Center of Safety Evaluation, Zhejiang Academy of Medical Sciences, 182 Tianmushan Road, Hangzhou, 310013, Zhejiang, China.
Collaborative Innovation Center of Yangtze River Delta Region Green Pharmaceuticals, Zhejiang University of Technology, Hangzhou, Zhejiang, China.
BMC Complement Altern Med. 2019 Nov 19;19(1):317. doi: 10.1186/s12906-019-2686-2.
Doxorubicin (DOX) is a chemotherapy drug for malignant tumors. The clinical application of DOX is limited due to its dosage relative cardiotoxicity. Oxidative damage and cardiac inflammation appear to be involved in DOX-related cardiotoxicity. Shenmai injection (SMI), which mainly consists of Panax ginsengC.A.Mey.and Ophiopogon japonicus (Thunb.) Ker Gawl, is widely used for the treatment of atherosclerotic coronary heart disease and viral myocarditis in China. In this study, we investigated the protective effect of Shenmai injection on doxorubicin-induced acute cardiac injury via the regulation of inflammatory mediators.

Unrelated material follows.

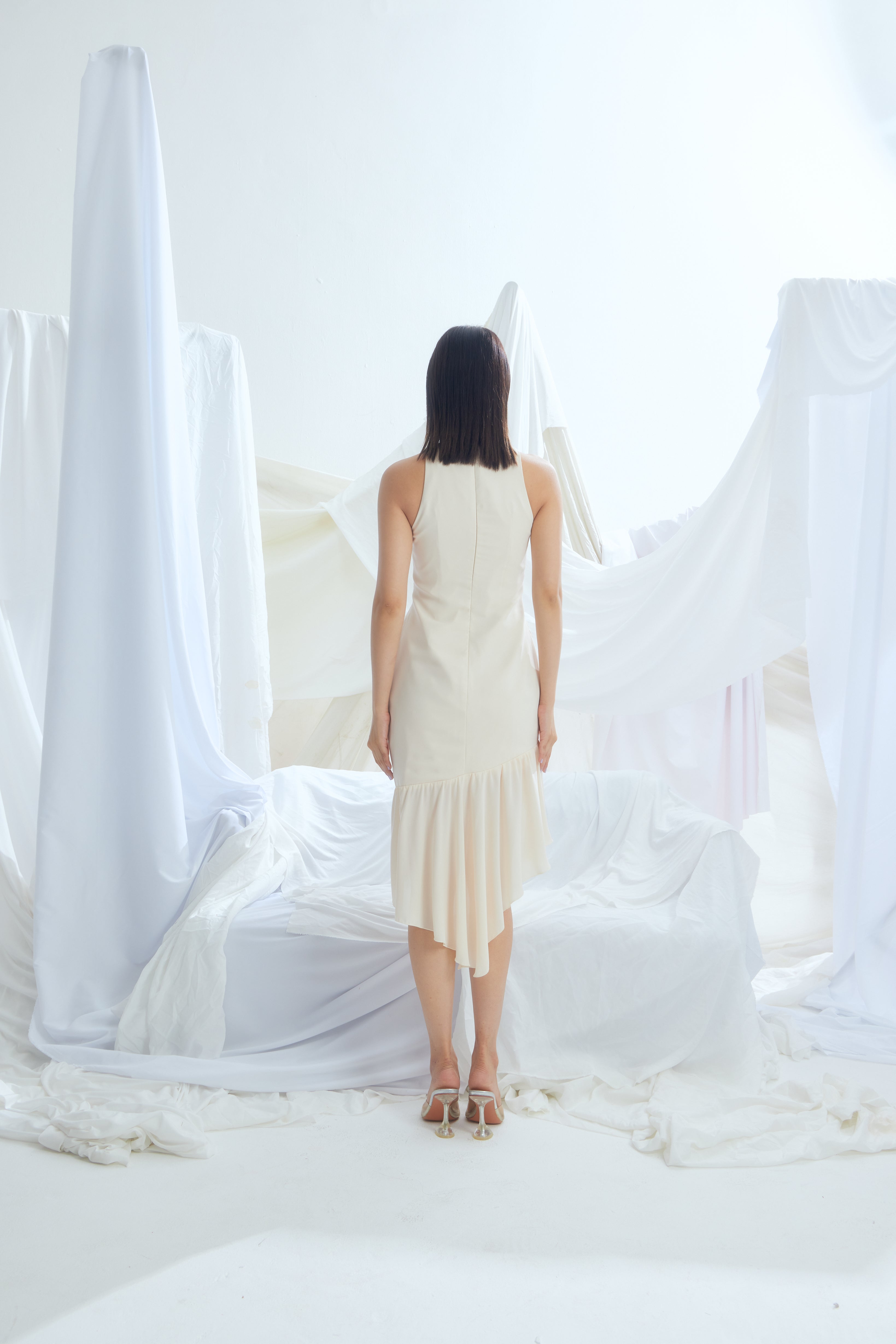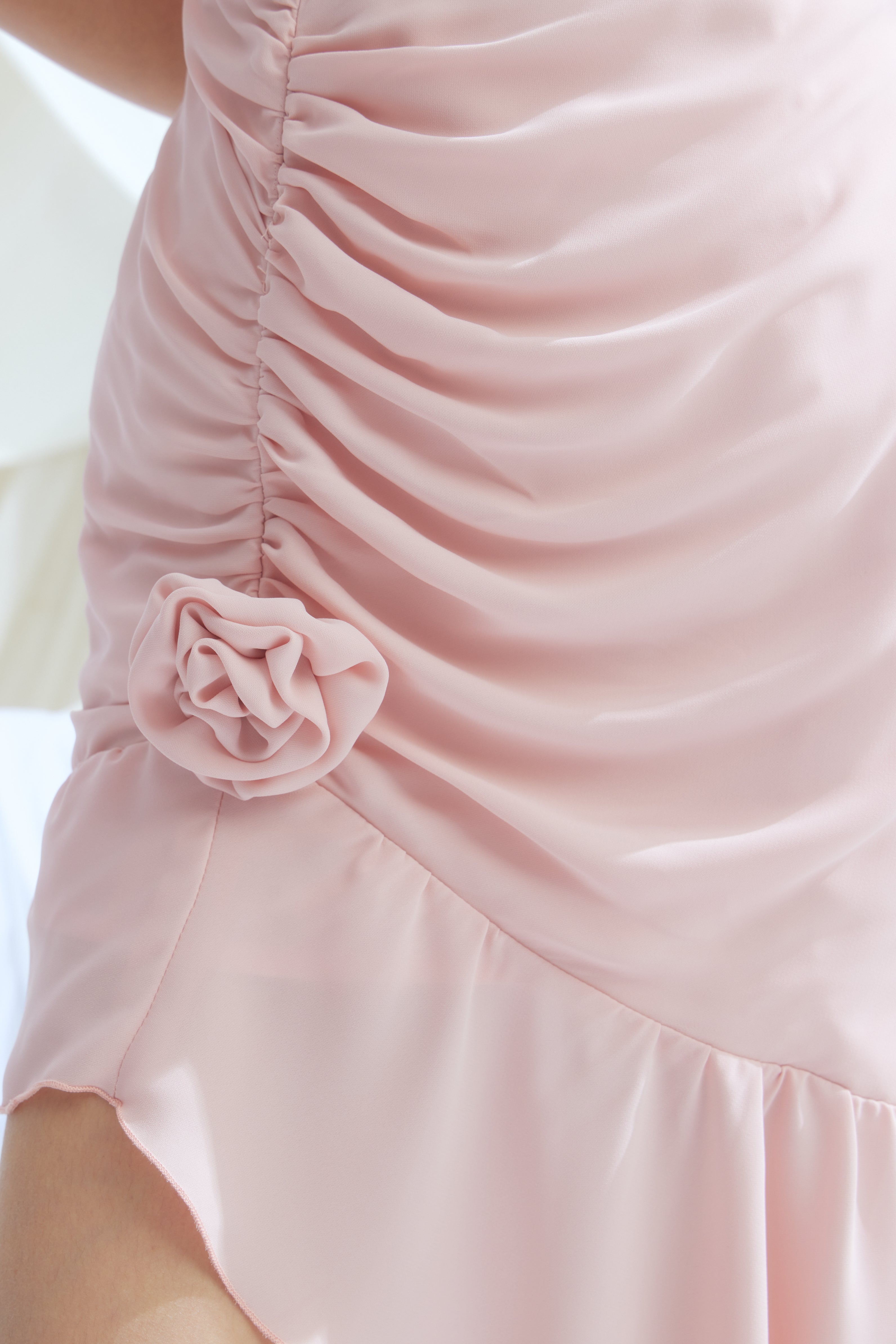 Featuring a high neckline with a sleek sleeveless cut, the dress exudes modern elegance. The gathered ruching at the waist flatters your figure, while the asymmetrical ruffle hem adds movement and charm. A delicate 3D floral appliqué at the hip completes the stunning look.

Male ICR mice were randomly divided into seven groups: control, DOX (10 mg/kg), SMI (5 g/kg), DOX with pretreatment with SMI (0.5 g/kg, 1.5 g/kg or 5 g/kg) and DOX with post-treatment with SMI (5 g/kg). Forty-eight hours after the last DOX administration, all mice were anesthetized for ultrasound echocardiography. Then, serum was collected for biochemical and inflammatory cytokine detection, and heart tissue was collected for histological and Western blot detection.
A cumulative dose of DOX (10 mg/kg) induced acute cardiotoxicity in mice manifested by altered echocardiographic outcome, and increased tumor necrosis factor, interleukin 6 (IL-6), monocyte chemotactic protein 1, interferon-γ, and serum AST and LDH levels, as well as cardiac cytoplasmic vacuolation and myofibrillar disarrangement. DOX also caused the increase in the expression of IKK-α and iNOS and produced a large amount of NO, resulting in the accumulation of nitrotyrosine in the heart tissue. Pretreatment with SMI elicited a dose-dependent cardioprotective effect in DOX-dosed mice as evidenced by the normalization of serum inflammatory mediators, as well as improve dcardiac function and myofibril disarrangement.
SMI could recover inflammatory cytokine levels and suppress the expression of IKK-α and iNOS in vivo, which was increased by DOX. Overall, there was evidence that SMI could ameliorate DOX-induced cardiotoxicity by inhibiting inflammation and recovering heart dysfunction.
阿霉素(DOX)是一种用于恶性肿瘤的化疗药物。由于其剂量相关的心脏毒性,DOX 的临床应用受到限制。氧化损伤和心脏炎症似乎与 DOX 相关的心脏毒性有关。参麦注射液(SMI)主要由人参和麦冬组成,在中国广泛用于治疗动脉粥样硬化性冠心病和病毒性心肌炎。在这项研究中,我们通过调节炎症介质来研究参麦注射液对阿霉素诱导的急性心脏损伤的保护作用。
雄性 ICR 小鼠随机分为七组:对照组、DOX(10mg/kg)、SMI(5g/kg)、DOX 预处理 SMI(0.5g/kg、1.5g/kg 或 5g/kg)和 DOX 后处理 SMI(5g/kg)。DOX 给药后 48 小时,所有小鼠均进行超声心动图检查。然后,收集血清进行生化和炎症细胞因子检测,并收集心脏组织进行组织学和 Western blot 检测。
累积剂量的 DOX(10mg/kg)在小鼠中引起急性心脏毒性,表现为超声心动图结果改变,肿瘤坏死因子、白细胞介素 6(IL-6)、单核细胞趋化蛋白 1、干扰素-γ和血清 AST 和 LDH 水平升高,以及心脏细胞质空泡化和肌原纤维排列紊乱。DOX 还导致 IKK-α 和 iNOS 的表达增加,并产生大量的 NO,导致心脏组织中硝基酪氨酸的积累。SMI 预处理在 DOX 给药的小鼠中表现出剂量依赖性的心脏保护作用,表现在血清炎症介质的正常化,以及改善的心脏功能和肌原纤维排列紊乱。
SMI 可以恢复体内 DOX 升高的炎症细胞因子水平,并抑制 IKK-α 和 iNOS 的表达。总的来说,有证据表明 SMI 可以通过抑制炎症和恢复心脏功能来改善 DOX 诱导的心脏毒性。